Nothing but the lines from the first line of the records below to the line holding "Drinking water instead" belongs in the answer, copied exactly and without pictures.

'''

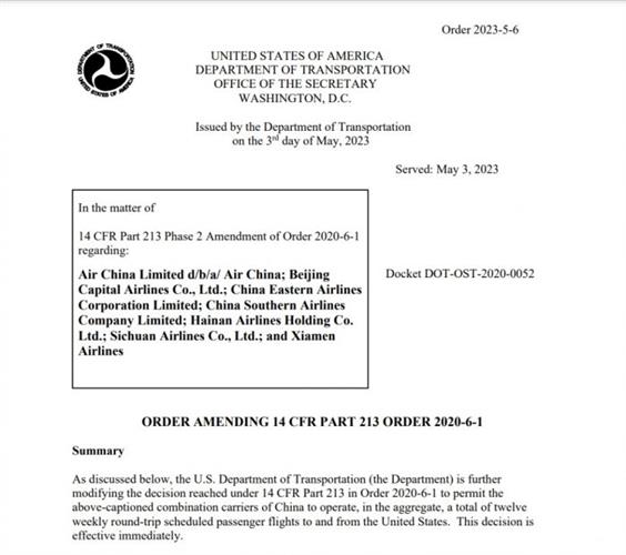 当地时间5月3日,美国交通部发布新令称,允许中国航司每周运营12个往返中美的航班,即刻生效。
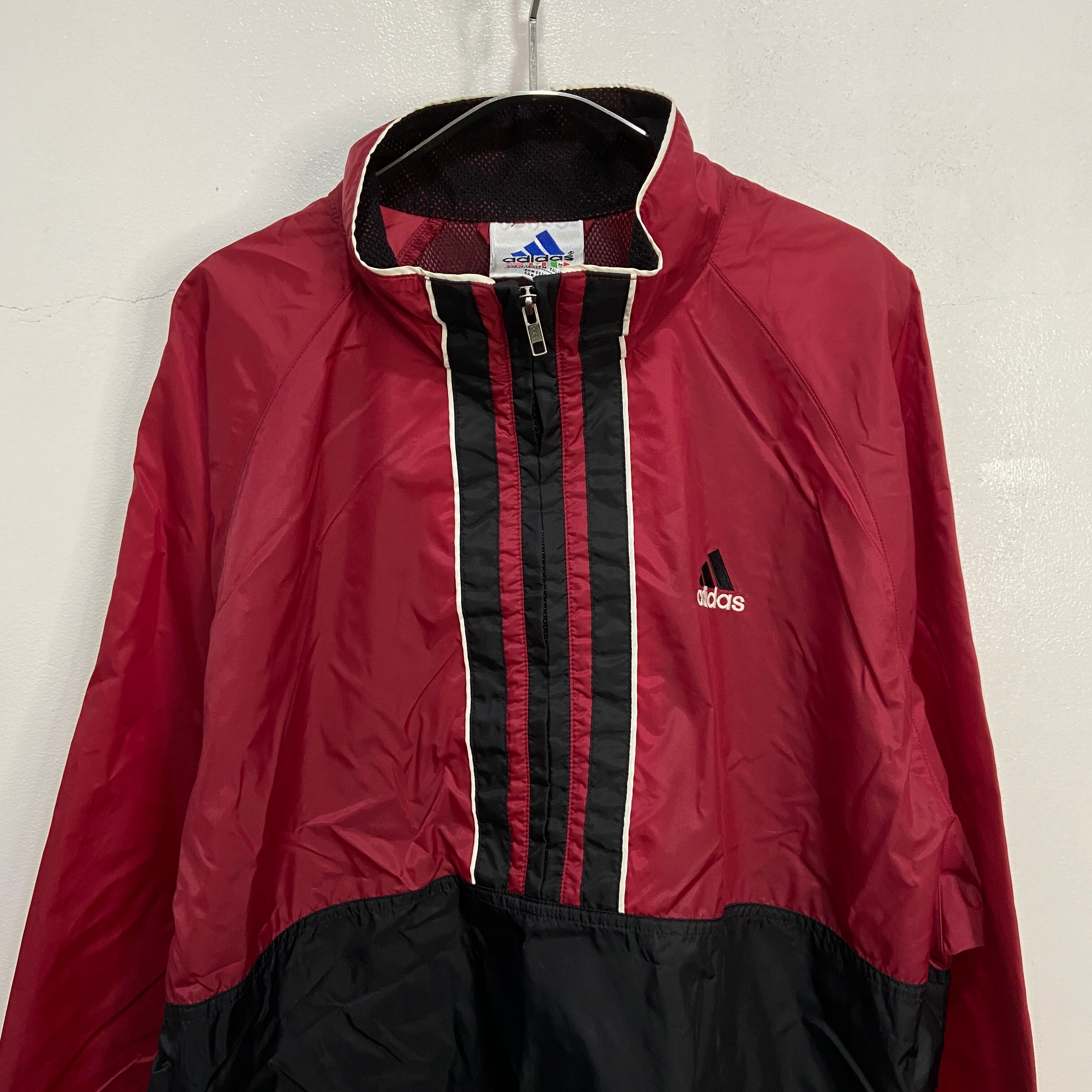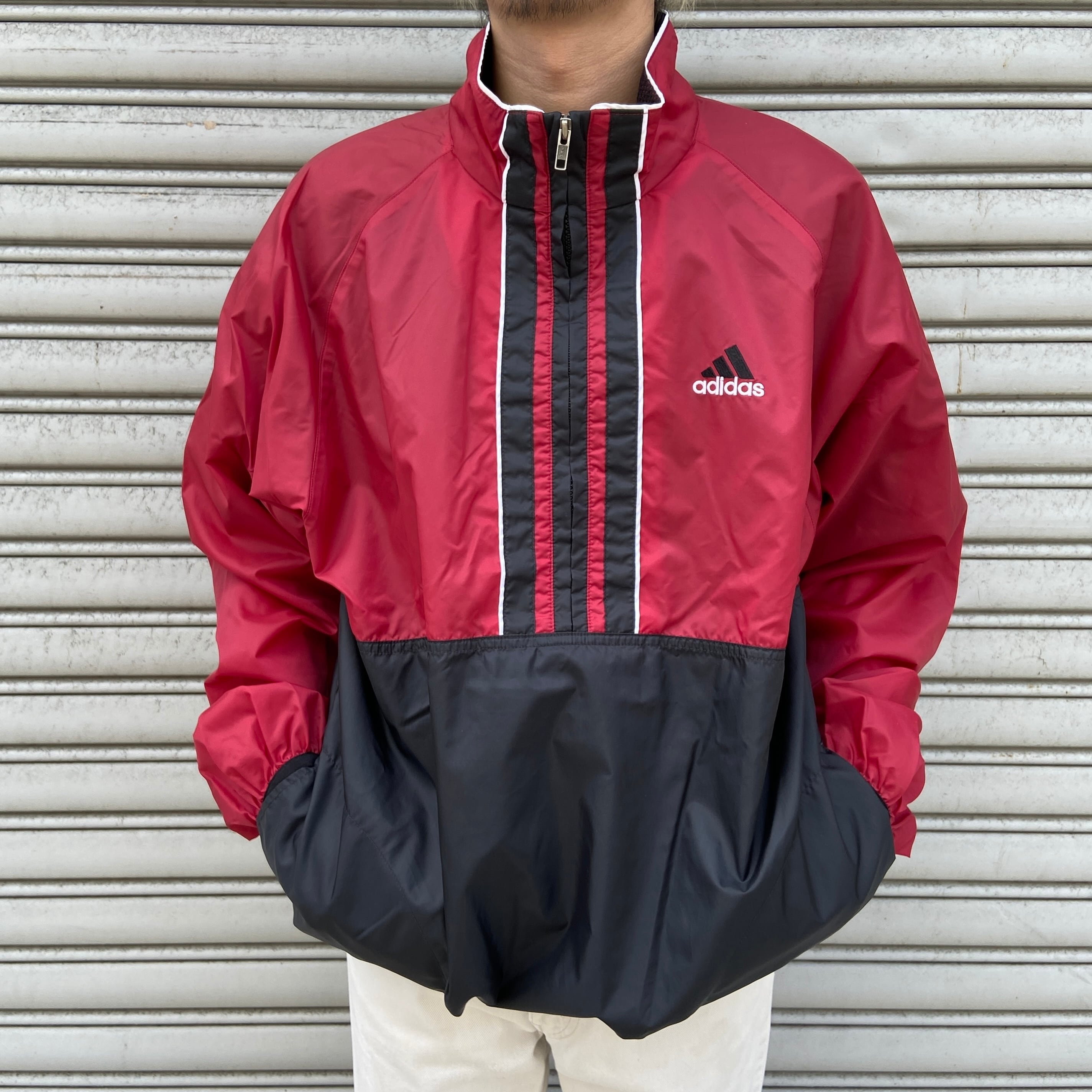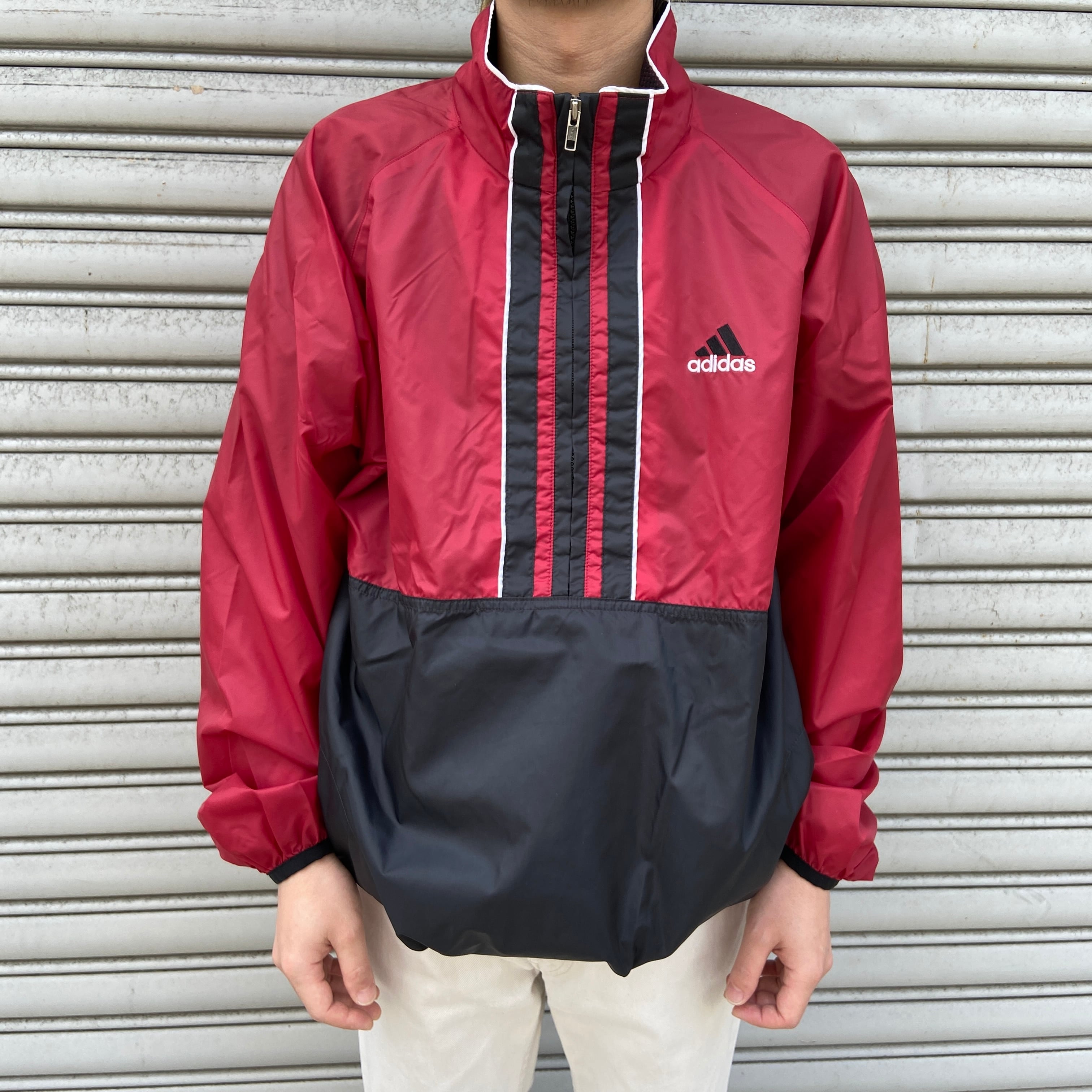 こちらは90年代adidasのハーフジップナイロンプルオーバーです!
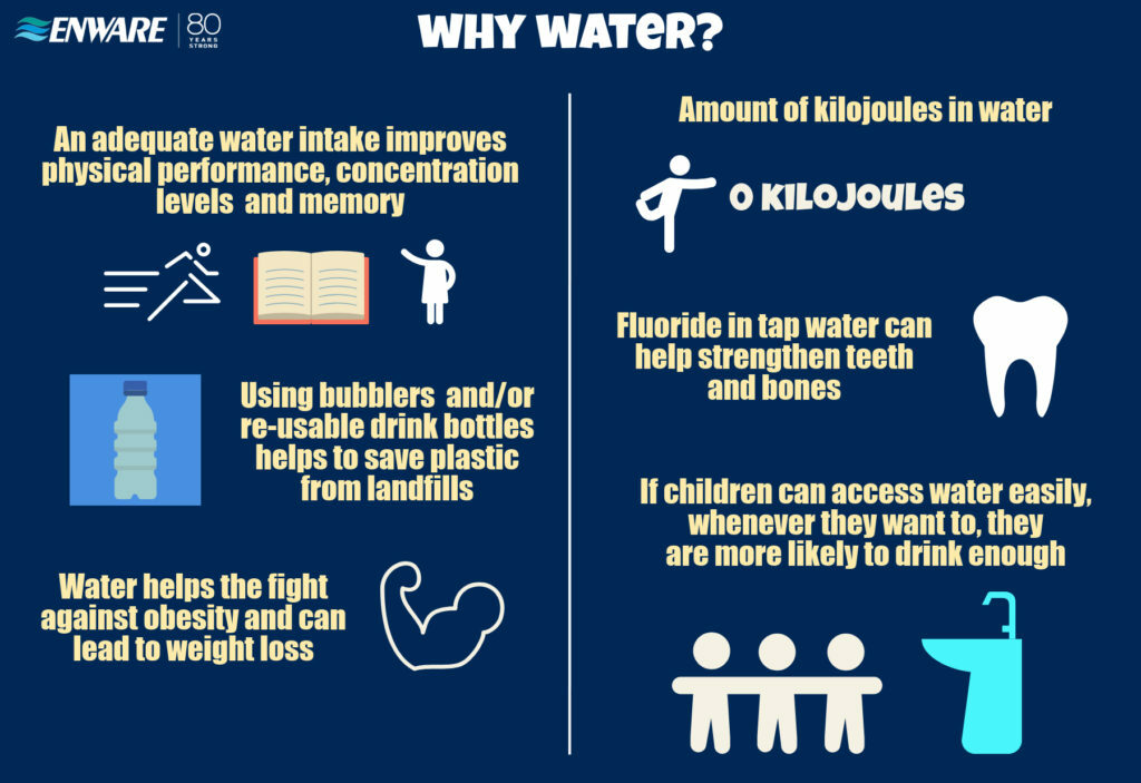 Drinking water instead of sweetened drinks prevents dental problems and the fluoride found in tap water can help keep teeth and bones strong and healthy.
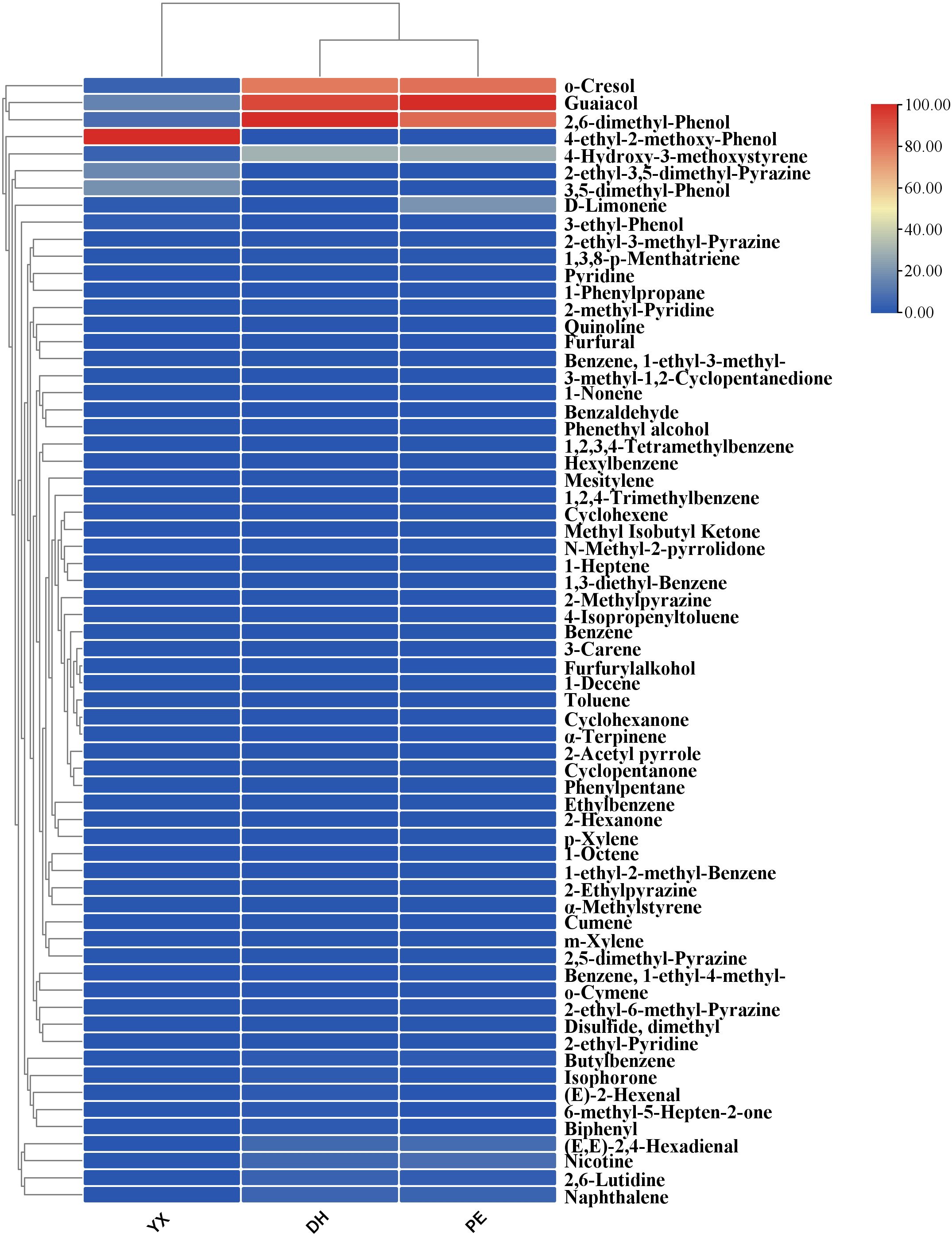 In YX, DH and PE, there were 9,13 and 10 VOCs with ROAV > 1, respectively. o-Cresol, guaiacol, 2,6-dimethyl-phenol, and 4-hydroxy-3-methoxystyrene had ROAVs greater than 1 in cigar smoke samples from all the three regions and might be the key compounds in the generation of the characteristic flavor of cigar smoke. Additionally, (E,E)-2,4-hexadienal, butylbenzene, naphthalene, and nicotine had ROAV > 1 in DH and PE; and D-limonene had ROAV > 1 in YX and PE. These compounds would also like to be a key part of the formation of cigar flavor. 2-Ethyl-3,5-dimethyl-pyrazine, 3-ethyl-phenol, 3,5-dimethyl-phenol and 4-ethyl-2-methoxy-phenol had ROAV > 1 in YX only. (E)-2-Hexenal, 6-methyl-5- hepten-2-one, isophorone and biphenyl had ROAV > 1 in DH only. As the consequence of that, these compounds might be the differential flavor compounds that form the characteristic flavor of cigar smoke in different region. To compare the ROAV of the 3 cigar smoke samples more visually, clustered heat map has been drawn (Figure 4). The cluster analysis indicated that DH and PE were more similar in terms of aroma contribution, which was consistent with the results of the content analysis. From the differences in color, o-cresol, guaiacol, 2,6-dimethyl-phenol and 4-ethyl-2-methoxy-phenol were particularly important for flavor formation in each sample. In summary, the samples from the three regions had commonalities regarding the contribution of each component to the overall flavor. At the same time, there were also differentiating components that could significantly differentiate the flavor of cigar smoke from other regions.
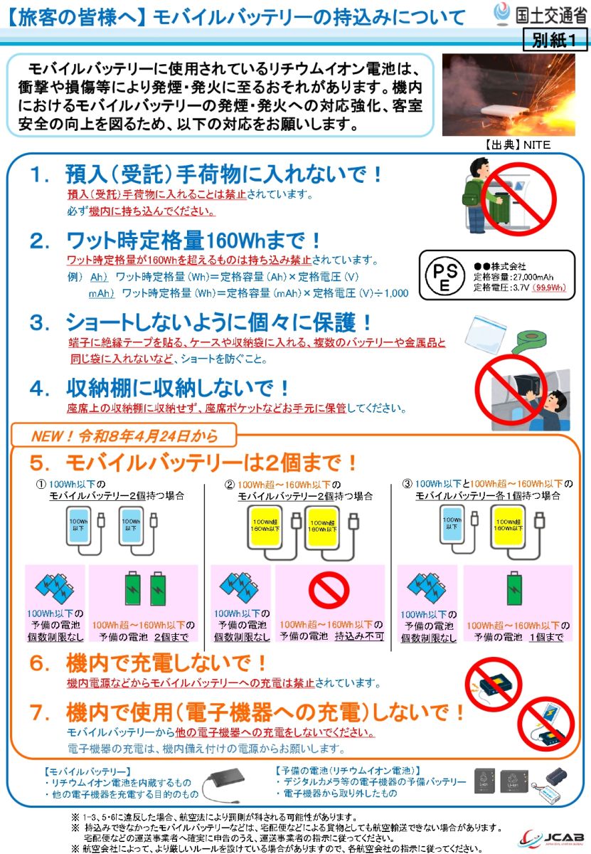 このたび、機内へのモバイルバッテリー持ち込みに関して、国土交通省より新たなルールが追加され、2026年4月24日から適用されます。

'''

Task answer =>
 当地时间5月3日,美国交通部发布新令称,允许中国航司每周运营12个往返中美的航班,即刻生效。
 こちらは90年代adidasのハーフジップナイロンプルオーバーです!
 Drinking water instead of sweetened drinks prevents dental problems and the fluoride found in tap water can help keep teeth and bones strong and healthy.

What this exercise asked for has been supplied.